**WHAT THE TASK REQUIRES:** Below this line is a set of entries; quote exactly the lines from the line that contains "You are welcomed" to the line that contains "Jesen je pred", both lines included.
(ENTRIES PROVIDED)
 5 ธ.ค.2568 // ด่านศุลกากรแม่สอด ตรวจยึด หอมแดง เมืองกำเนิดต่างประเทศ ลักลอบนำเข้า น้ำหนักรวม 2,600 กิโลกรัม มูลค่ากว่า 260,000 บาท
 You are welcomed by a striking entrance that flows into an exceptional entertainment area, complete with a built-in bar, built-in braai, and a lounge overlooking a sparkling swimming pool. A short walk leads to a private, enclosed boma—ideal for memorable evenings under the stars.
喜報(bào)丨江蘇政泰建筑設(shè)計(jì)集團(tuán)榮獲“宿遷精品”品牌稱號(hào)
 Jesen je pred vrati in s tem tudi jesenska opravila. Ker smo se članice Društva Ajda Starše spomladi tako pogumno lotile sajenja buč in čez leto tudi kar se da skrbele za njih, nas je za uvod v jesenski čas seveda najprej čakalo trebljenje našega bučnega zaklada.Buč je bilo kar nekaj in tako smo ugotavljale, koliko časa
(End ENTRIES PROVIDED)
(ENTRIES PROVIDED)
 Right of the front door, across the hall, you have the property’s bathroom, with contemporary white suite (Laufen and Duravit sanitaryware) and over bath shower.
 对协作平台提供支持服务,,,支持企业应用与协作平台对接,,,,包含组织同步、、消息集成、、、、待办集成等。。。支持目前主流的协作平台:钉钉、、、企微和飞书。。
(End ENTRIES PROVIDED)
(ENTRIES PROVIDED)
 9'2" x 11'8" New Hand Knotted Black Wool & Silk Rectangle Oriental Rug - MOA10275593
(End ENTRIES PROVIDED)
**ANSWER TO THIS PROBLEM:**
 You are welcomed by a striking entrance that flows into an exceptional entertainment area, complete with a built-in bar, built-in braai, and a lounge overlooking a sparkling swimming pool. A short walk leads to a private, enclosed boma—ideal for memorable evenings under the stars.
喜報(bào)丨江蘇政泰建筑設(shè)計(jì)集團(tuán)榮獲“宿遷精品”品牌稱號(hào)
 Jesen je pred vrati in s tem tudi jesenska opravila. Ker smo se članice Društva Ajda Starše spomladi tako pogumno lotile sajenja buč in čez leto tudi kar se da skrbele za njih, nas je za uvod v jesenski čas seveda najprej čakalo trebljenje našega bučnega zaklada.Buč je bilo kar nekaj in tako smo ugotavljale, koliko časa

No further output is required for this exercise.